Duizendblad in droog grasveld

Mediterranisering van Nederlandse flora

FLORON
23-AUG-2022 - De zomers worden warmer en droger. Langere perioden met hittegolven en droogte worden het nieuwe normaal. Als gevolg van de vele weersextremen van de afgelopen jaren zien we een mediterranisering van onze flora. Er zijn winnaars zoals spectaculaire orchideeën en de Grote klaproos maar ook verliezers zoals de zeldzame wolfsklauwen en de algemene Beuk. Lees verder voor meer winnaars en verliezers.

Zomers met tropisch hete dagen, warme plaknachten en wekenlang geen regen, al dan niet afgewisseld met extreem veel neerslag in korte tijd. Je kunt er maar beter aan wennen, want volgens klimaatwetenschappers is de kans groot dat we hier steeds vaker mee te maken krijgen. We krijgen meer en meer een mediterraan klimaat en dit leidt onder andere tot gele bermen, dijken en grasvelden, opgedroogde watergangen en poelen en bomen die in augustus hun blad al verliezen. Dit vraagt om aanpassingen van onze Nederlandse flora; dit kan leiden tot gaten in de begroeiing, met planten die zich wel kunnen wapenen tegen hitte en grote variatie in neerslag als overwinnaars. Ecologen en andere professionals in het natuurbeheer en -beleid zijn zoekende hoe met de gevolgen van droogte om te gaan.

Winnaars in mediterraan Nederland

De één z’n dood, is de ander z’n brood. Daar waar het gras in bermen en graslanden uitdroogt en afsterft, komt plek voor kruiden die beter bestand zijn tegen extremere omstandigheden. De meeste grassen hebben maar korte wortels en leggen het loodje als zij te lang geen water krijgen. Vooral éénjarige kruiden profiteerden van de afgenomen grasbedekking, denk hierbij aan soorten als Paarse dovenetel, Grote klaproos en Zachte en Kleine Ooievaarsbek. Ook tweejarige soorten zoals Gewoon jakobskruiskruid, Peen en Rode klaver profiteren van de vrijgekomen plekken. Ten opzichte van overblijvende soorten hebben één- en tweejarige soorten het voordeel dat zij gemiddeld twintig dagen eerder bloeien dan overblijvende planten. Dat betekent dat zij hun kwetsbare bloeitijd al hebben gehad, en vaak al zaad hebben gezet, voordat de ergste hitte en droogte hun tol beginnen te eisen. Jakobskruiskruid en Peen hebben daarnaast het voordeel van een lange penwortel waarmee ze langer toegang hebben tot water uit de grond. Ook zogenaamde C4-planten doen het opvallend goed in Nederland.

Bijenorchis weet zijn weg in Nederland steeds beter te vinden

Willen planten overleven in mediterraan Nederland, dan zijn zij gebaat bij aanpassingen welke we ook veel zien bij planten die rondom de Middellandse Zee groeien.
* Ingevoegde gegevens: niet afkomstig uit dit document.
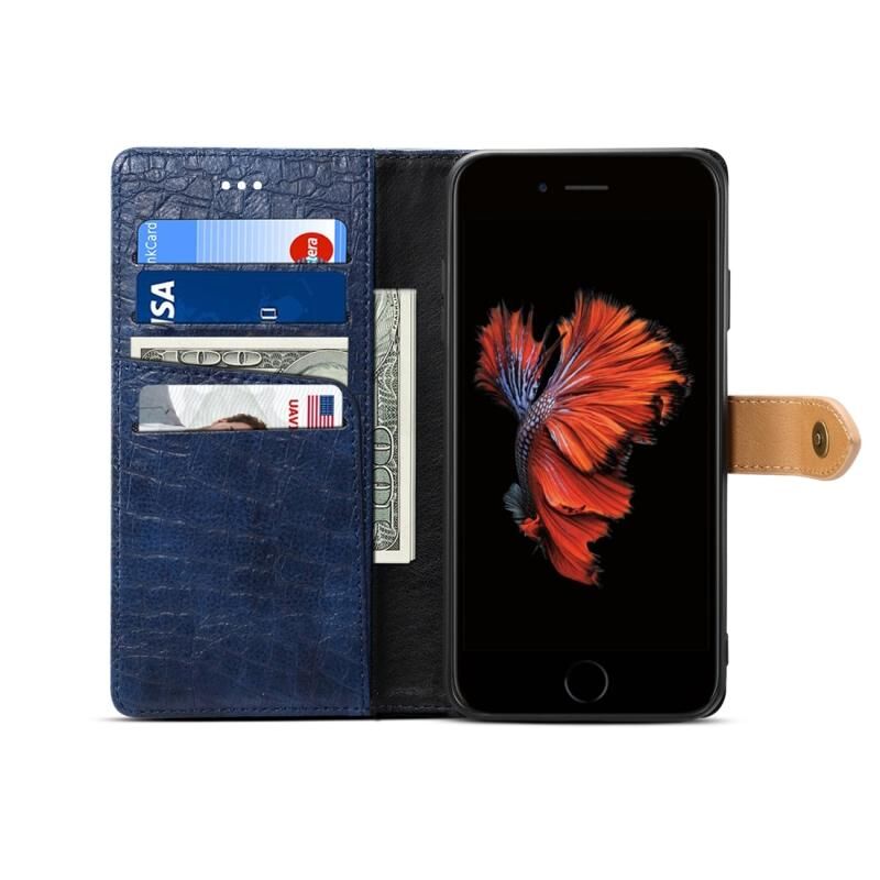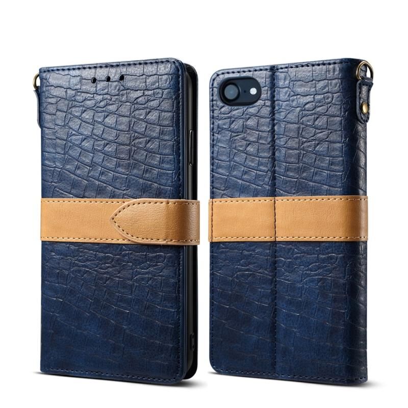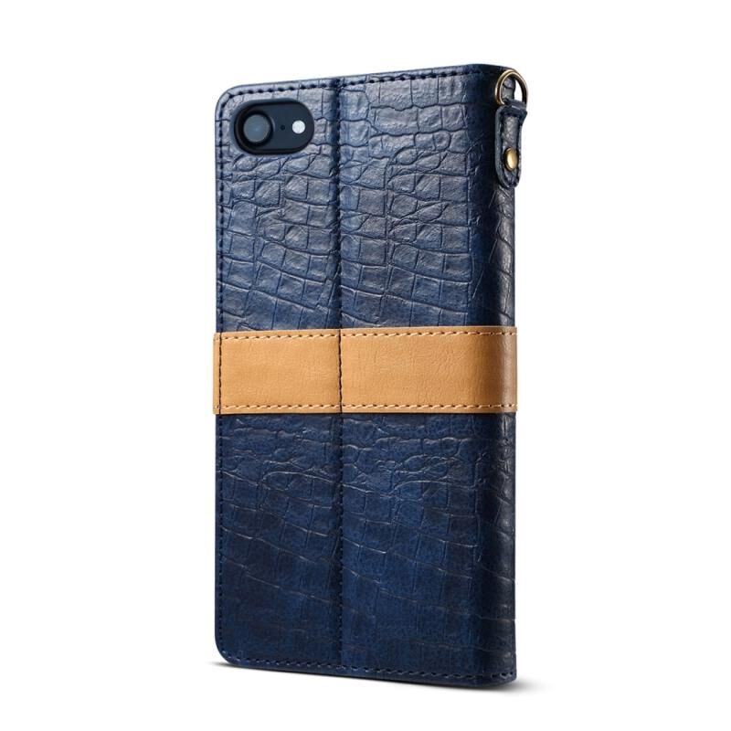 Θήκη δέρματος PU οριζόντιας αναδίπλωσης για iPhone 7 / 8 με υφή κροκόδειλου και ραφές, με πορτοφόλι & βάση & θήκες καρτών & κορδόνι (Μαύρο)

Denk hierbij aan beharing op de plant, of bladen met een vet bladoppervlak. Hierdoor kunnen planten zuiniger met water omgaan. Daarnaast gaat het om planten die een zomerrust aanhouden; ze doorstaan de droogte en warmte als zaad, bol of wortelstok.

In Nederland vinden steeds meer van oorsprong zuidelijke plantensoorten een plekje in de stad en de natuur. Dit zijn niet alleen bescheiden ogende planten zoals Kransmuur en Klein fakkelgras, maar ook meer spectaculaire orchideeën als Bijenorchis en Bokkenorchis.

Wij reislustige Nederlanders zijn goed in het per ongeluk helpen verspreiden van zuidelijke soorten. Na onze vakantie blijven ongemerkt allerlei zaden aan onze tent, caravan, auto en kleding hangen. Gaan we in Nederland naar een volgende camping (pdf; 0,1 MB), of worden de automatten bij de voordeur uitgeklopt, dan vinden die zaden een goede Hollandse bodem en een steeds geschikter klimaat. Soorten als Vroeg beemdgras en Naaldzaadbloem worden op steeds meer campings aangetroffen.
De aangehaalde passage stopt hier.